Almohad Caliphate

The Almohad Caliphate was a North African Berber Muslim empire founded in the 12th century. At its height, it controlled much of the Iberian Peninsula and North Africa.
The Almohad movement was founded by Ibn Tumart among the Berber Masmuda tribes, but the Almohad caliphate and its ruling dynasty were founded after his death by Abd al-Mu'min al-Gumi. Around 1120, Ibn Tumart first established a Berber state in Tinmel in the Atlas Mountains. Under Abd al-Mu'min they succeeded in overthrowing the ruling Almoravid dynasty governing Morocco in 1147, when he conquered Marrakesh and declared himself caliph. They then extended their power over all of the Maghreb by 1159. Al-Andalus soon followed, and all of Muslim Iberia was under Almohad rule by 1172.

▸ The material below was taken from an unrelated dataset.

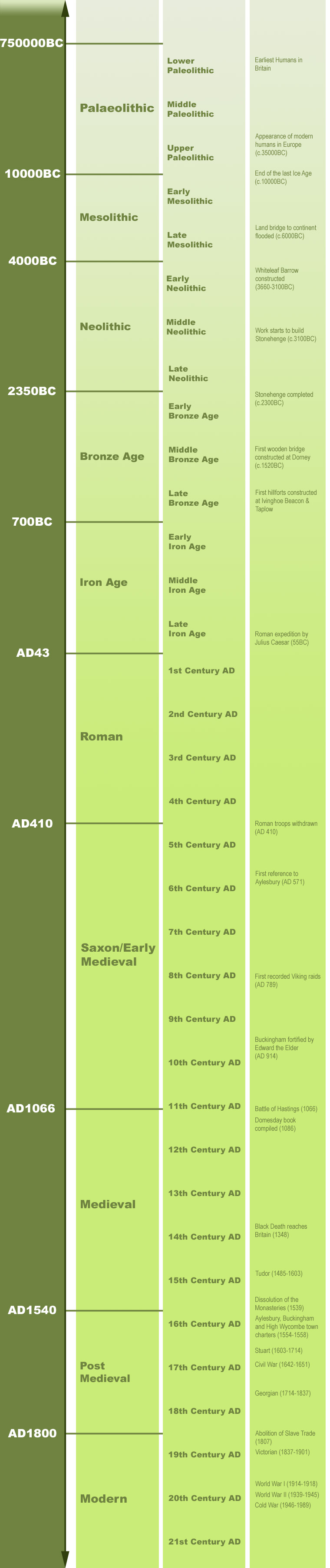The timeline shows history from the earliest period when people first arrived in Buckinghamshire to the modern day. Hover over the time periods on the left for a brief explanation and click to see more information. Use your browser scroll bar to move backwards and forwards through time.

The turning point of their presence in the Iberian Peninsula came in 1212, when Muhammad III, "al-Nasir" was defeated at the Battle of Las Navas de Tolosa in the Sierra Morena by an alliance of the Christian forces from Castile, Aragon and Navarre. Much of the remaining Moorish dominion in Iberia was lost in the ensuing decades, with the cities of Cordova and Seville falling to the Christians in 1236 and 1248 respectively.